Group quarters population. Population in households is estimated by multiplying the number of households times the PPH. Population in households accounted for 97.3 percent of total population in the United States in 1990 (97.6 percent in Florida). To obtain an estimate of total population, persons living in group quarters or without traditional housing must also be estimated. We do this in three steps. The first is to collect group quarters data from prisons, colleges, military bases, and long-term health care facilities, for the same date as in the most recent census. The second step is to subtract these numbers from the total non-household population counted in that census, and then to form a ratio of the residual to population in households; we call this ratio the GQ multiplier. In the third step, the current group quarters population is estimated by applying the GQ multiplier to the current estimate of the household population, and adding a direct count of the current number of persons residing in prisons, college dormitories, military barracks, and long-term health care facilities.[7]

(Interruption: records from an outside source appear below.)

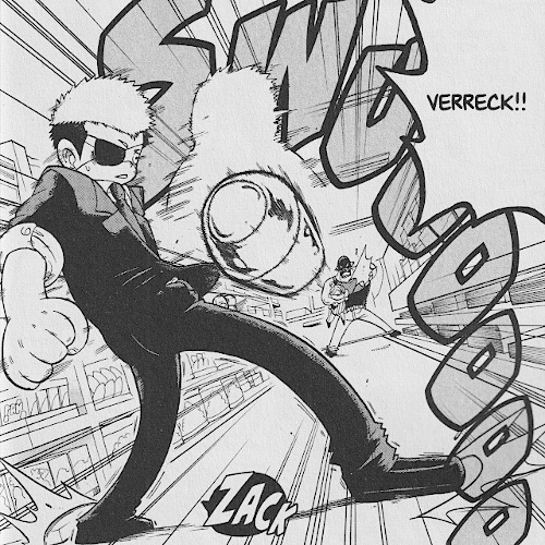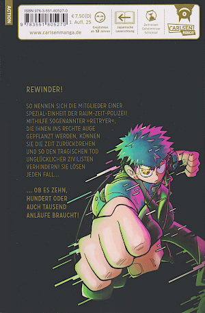 ![]() © 2022 Futa Kimura Carlsen VerlagDer junge Chrono ist neu bei der Spezialeinheit „Rewinder“ der Polizei. Diese bekommen einen sogenannten „Retryer“ in das rechte Auge eingepflanzt und können damit in der Zeit zurückspringen. So sollen sie das Leben unschuldiger Geiseln retten. Als Neuling wird Chrono dabei von dem kleinen fliegenden Computer Smarty unterstützt. In seinem aktuellen Fall soll Chrono verhindern, dass ein Supermarkträuber bei seinem Überfall die Betreiberin Frau Kawata tötet. Leider ist der Räuber ein ehemaliger Elitesoldat, der das Leben der Leute mit einer Pistole bedroht. So gehen die ersten Befreiungsversuche von Chrono fehl. Aber solange er nicht stirbt, kann er immer wieder in der Zeit zurückreisen, um einen neuen Versuch zu starten. Schließlich lässt er den Räuber sogar auf sich schießen, damit der alle Kugeln seiner Waffe verbraucht. Bei jedem neuen Anlauf weiß Chrono, wie er den Kugeln ausweichen muss. Am Ende hat der Räuber zwar keine Kugeln mehr in der Waffe, aber Frau Kawata ist so erschöpft und verängstigt, dass Chrono ihr diese Lösung nicht antun will. Erst als sein Blick auf die Comicmagazine im Ständer fällt, kommt Chrono die rettende Idee. In seinem zweiter Fall muss Chrono die verwöhnte Millionärstochter Fräulein Rei von einer einsamen Insel retten. Vor der schwierigen Rettung muss er aber mehrfach zurückspringen, weil er sich ihr behutsam nähern und erst noch Wasser und passende Nahrung für sie finden muss. Aber dann sind da noch der große Hai und der Felsen im Wasser. In dem Manga sind die unterschiedlichen Fälle von Chrono aufgelistet. Es gilt immer, Menschenleben zu retten. Dafür darf Chrono so oft in die Vergangenheit reisen, wie es benötigt. Dabei stellt er immer wieder verschiedene Szenarien auf, in der Hoffnung, so seine Mission zu erfüllen. Da er Zeit hat, testet er verschiedene Möglichkeiten, auch wenn sie wahrscheinlich scheitern. Da er in der Zeit zurückreist, sind nach jedem Sprung seine Klienten und er wieder geheilt. Grafisch ist der Manga eher durchschnittlich. Die Charaktere sind einfach gezeichnet. Die Frisuren sind unterschiedlich und passen zu den Charakteren, zeigen aber nur wenig Details. Abgesehen von älteren Leuten ähneln sich die Gesichter, wobei die Emotionen nur stark übertrieben dargestellt werden. Auch die Kleidung ist eher einfach gestaltet. Chrono trägt hauptsächlich einen schwarzen Anzug mit wenigen Konturen. Auch andere Kleidung, Uniformen oder Freizeitkleidung werden nur wenig detailliert dargestellt. Die Tiere wie Hunde, Haie oder Delfine sind gut erkennbar, wobei sie aber auch sehr kindgerecht gezeichnet sind. Auch die Gegenstände wie Waffen sind auch erkennbar umgesetzt. Die Hintergründe sind sauber und detailliert gezeichnet. |
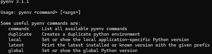 pyenv : The term 'pyenv' is not recognized as the name of a cmdlet, function, script file, or operable program. Check the spelling of the name, or if a path was included, verify that the path is correct and try again.
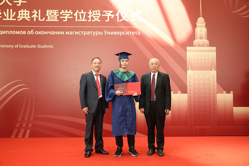 “‘青年者人生之王,人生之春,人生之華。’同學(xué)們作為我們這所初創(chuàng)期的中俄合作大學(xué)的畢業(yè)生,你們都是新型教育勇敢的探路者。”李和章校長在致辭中對畢業(yè)生表達(dá)了深切的不舍與感謝。李和章校長表示,在這段中俄兩國共克時(shí)艱的日子里,大家經(jīng)歷了從未有過的“云畢業(yè)”,他正式邀請未能參加現(xiàn)場典禮的畢業(yè)生們,可以在今后任意一年返校參加畢業(yè)典禮。李和章校長還對畢業(yè)生們提出了兩點(diǎn)希望:一是希望同學(xué)們始終抱有遠(yuǎn)大的志向,要勇于擔(dān)負(fù)起“一帶一路”建設(shè)發(fā)展的重任,擔(dān)負(fù)起中華民族崛起乃至人類社會(huì)進(jìn)步的重任;二是希望深北莫的每一位學(xué)子志存高遠(yuǎn),以天下為己任,義無反顧地投身到社會(huì)經(jīng)濟(jì)建設(shè)和科學(xué)研究領(lǐng)域的前沿,為中國乃至世界文明進(jìn)步做出自己的貢獻(xiàn)。“你們是與新學(xué)校、新時(shí)代共同前進(jìn)的后浪,既擁有廣闊發(fā)展空間,也承載著偉大時(shí)代使命。希望你們永葆持之以恒的韌勁,不忘初心,不言放棄,善始善終,善作善成,用扎扎實(shí)實(shí)的成績?yōu)槲磥礓伮贰!?/p>
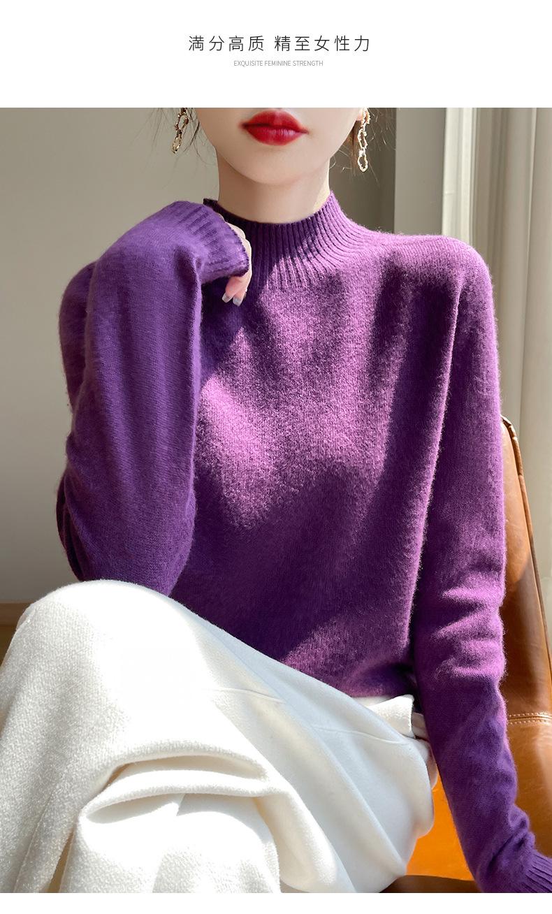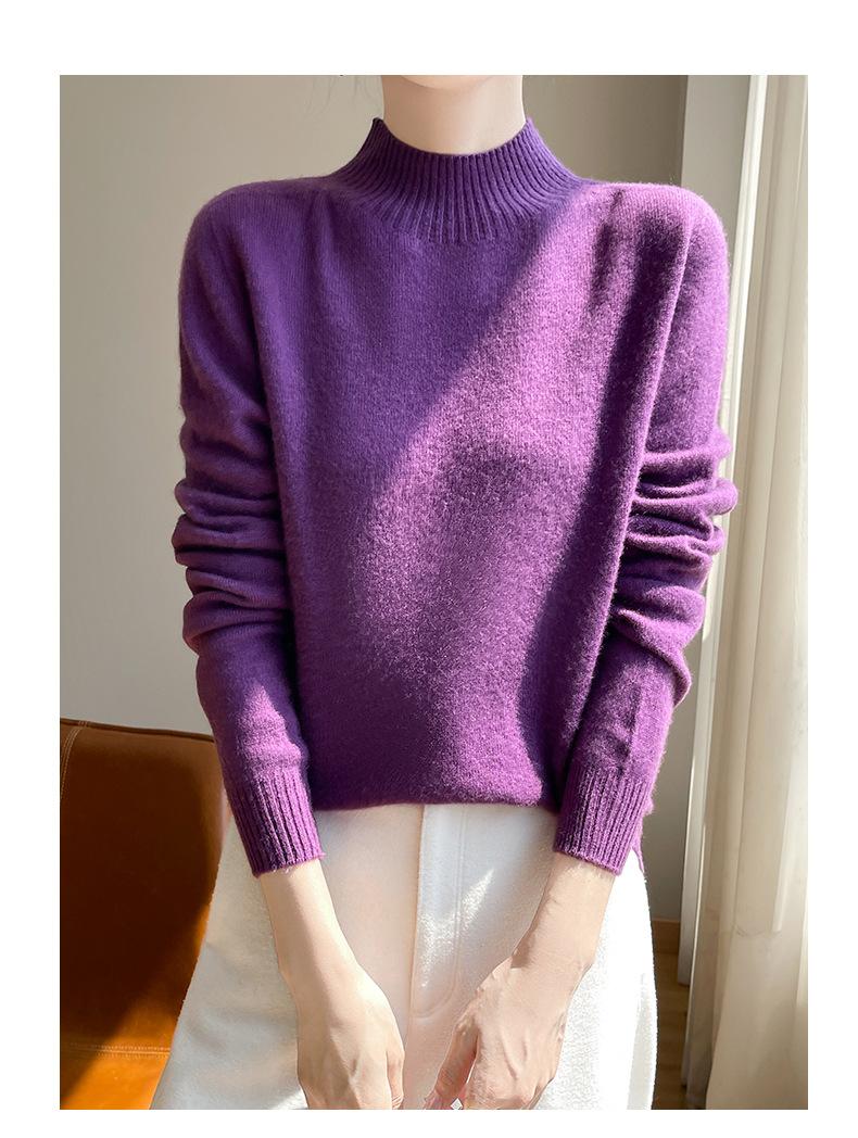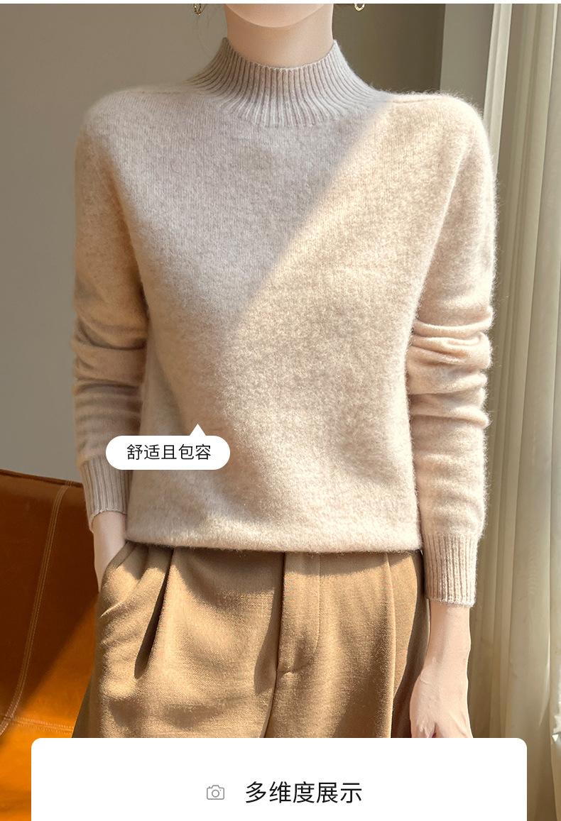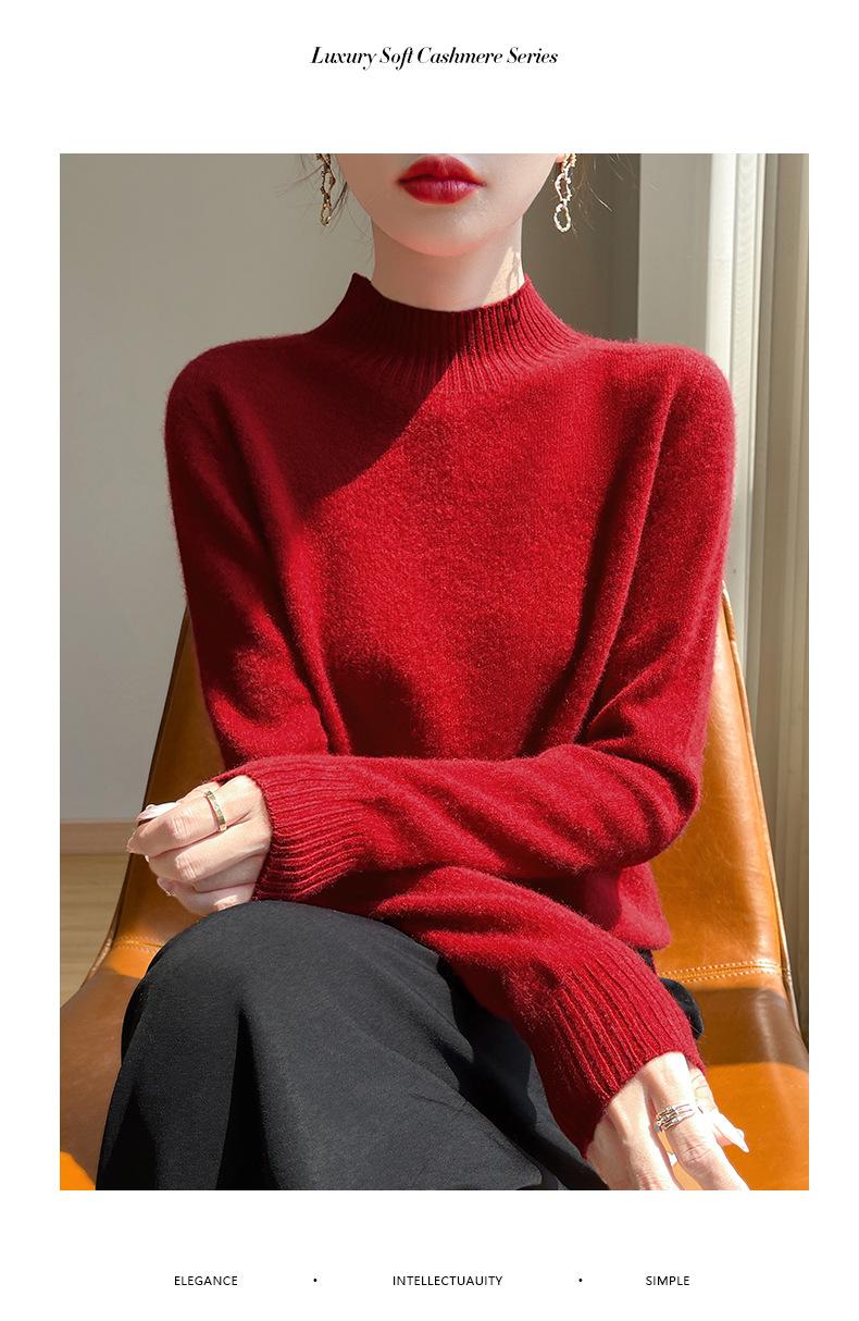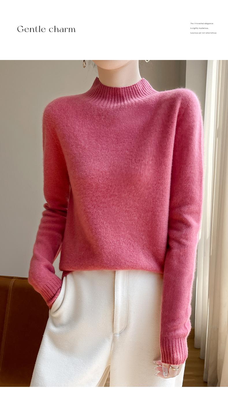 Ropa de primera línea de otoño e invierno, suéter 100% de lana pura, suéter de mujer de cuello medio alto, suéter de manga larga, suéter suelto, abrigo base de cachemira
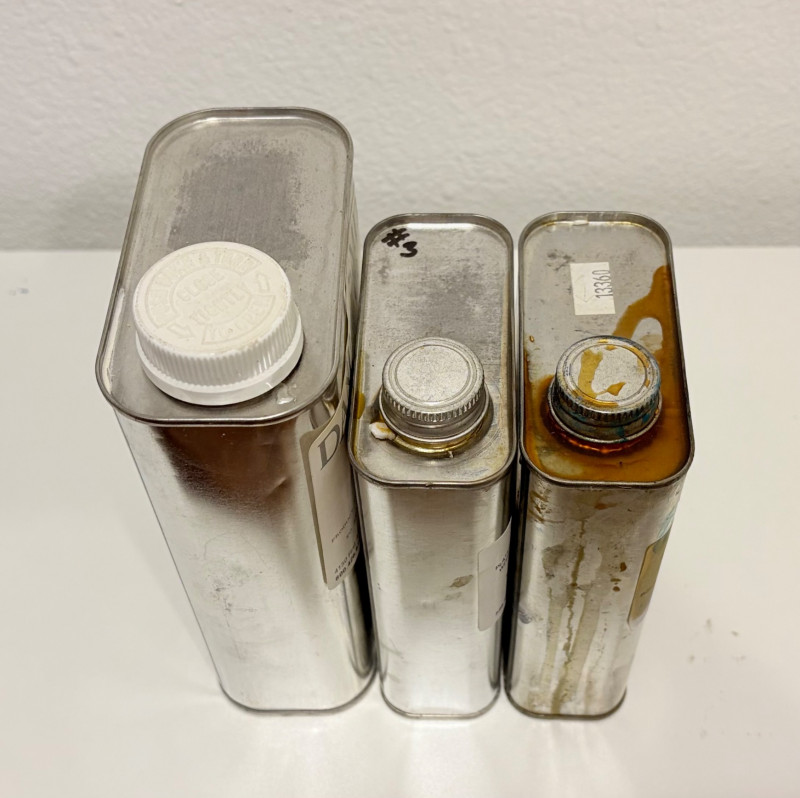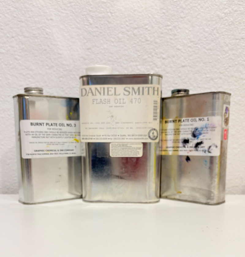 We have three different oils for ink reduction - all are full or nearly full. Daniel Smith Flash Oil 470 ink reducer (1 quart) - feels full. Graphic Chemical & Ink Company Burnt Plate Oil #1 - feels about 3/4 or more full. Graphic Chemical & Ink Company Burnt Plate Oil #3.- feels about 3/4 or more full. Note that the 2 burnt oil containers have no volume listed on them - see photo comparing them with the Daniel Smith quart container.
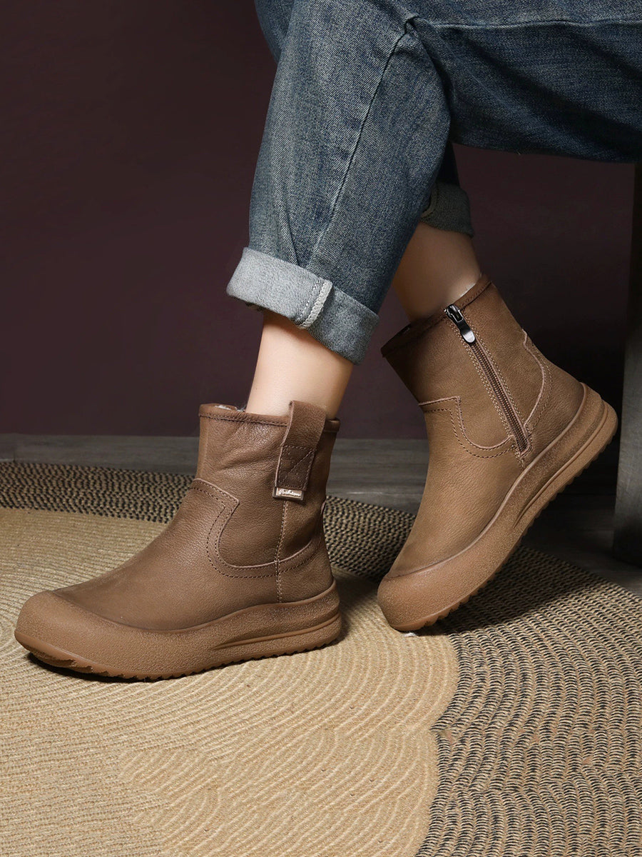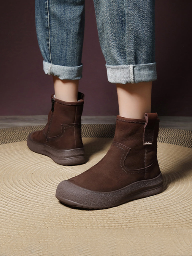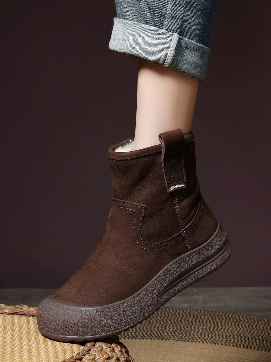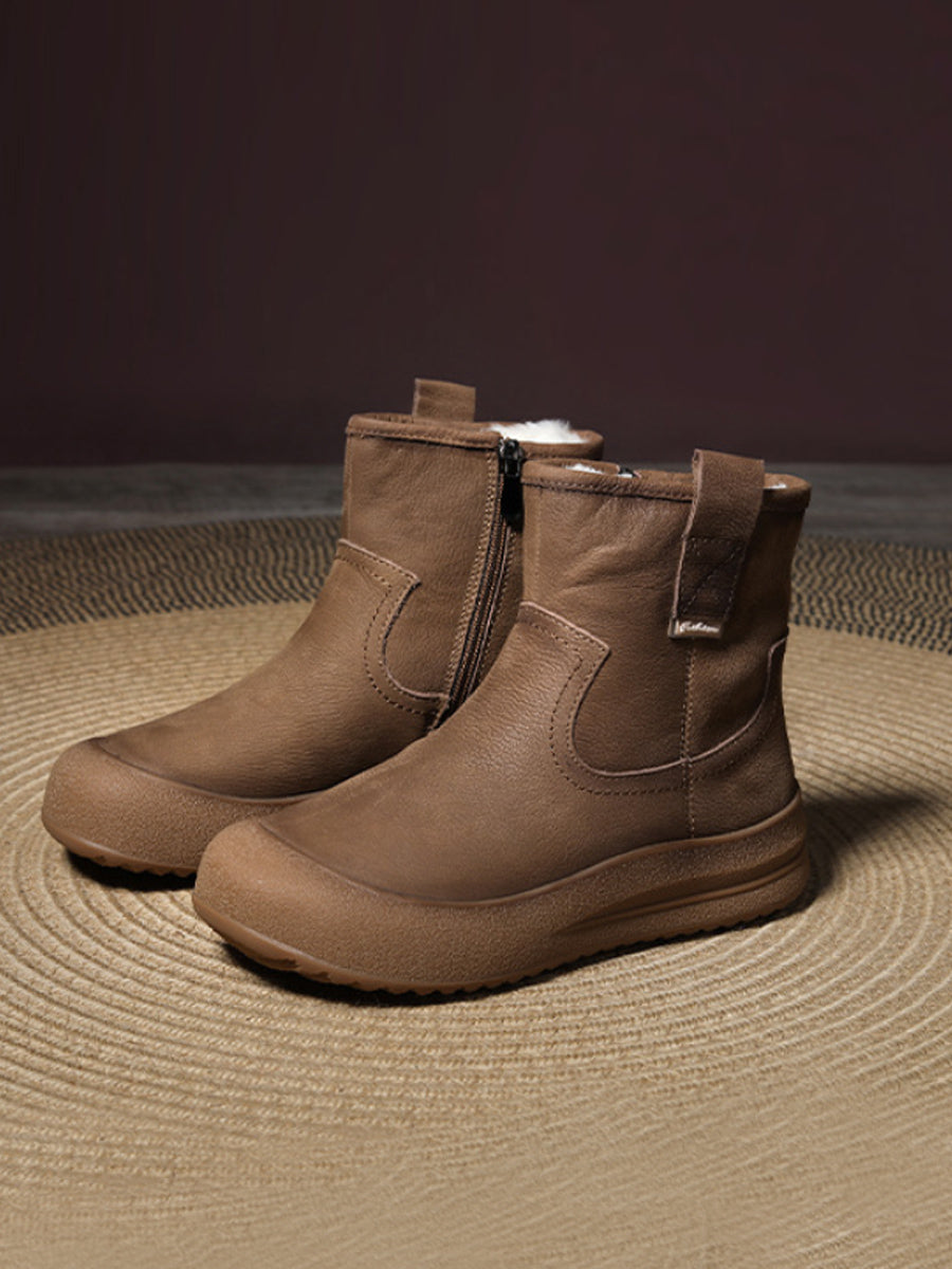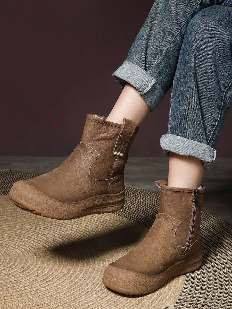Bottes d'hiver vintage pour femmes en cuir doublées polaire

Evaluating Accuracy and Bias
The obvious question to ask of any estimation methodology is "How accurate are the estimates?" We provide an answer to this question by comparing April 1, 1990 population estimates with April 1, 1990 census counts for counties and subcounty areas in Florida. This comparison doesn't provide a perfect measure of accuracy and bias, because census counts themselves are subject to error. Differences between estimates and census counts may therefore reflect errors in the decennial census as well as errors in the estimates. The decennial census is believed to be quite accurate for most places, however, and provides a widely used standard for evaluating population estimates. We refer to differences between estimates and census counts as estimation errors, but the reader is cautioned that they may have been caused by enumeration error as well as by estimation error.
Five measures of accuracy and bias are used. Mean absolute percent error (MAPE) is the average error when the direction of error is ignored. The proportion of errors less than 5 percent and greater than 10 percent indicates the frequency of relatively small and of large errors, respectively. These are measures of accuracy, or how close estimates were to census counts, regardless of whether the estimates were high or low. Mean algebraic percent error (MALPE) is the average error when the direction of error is included. This is a measure of bias: a positive error indicates a tendency to overestimate, a negative error indicates a tendency to underestimate. Since a few extreme errors in one direction can change the sign of MALPE, the proportion of estimates that were above the census count (%POS) is used as another measure of bias.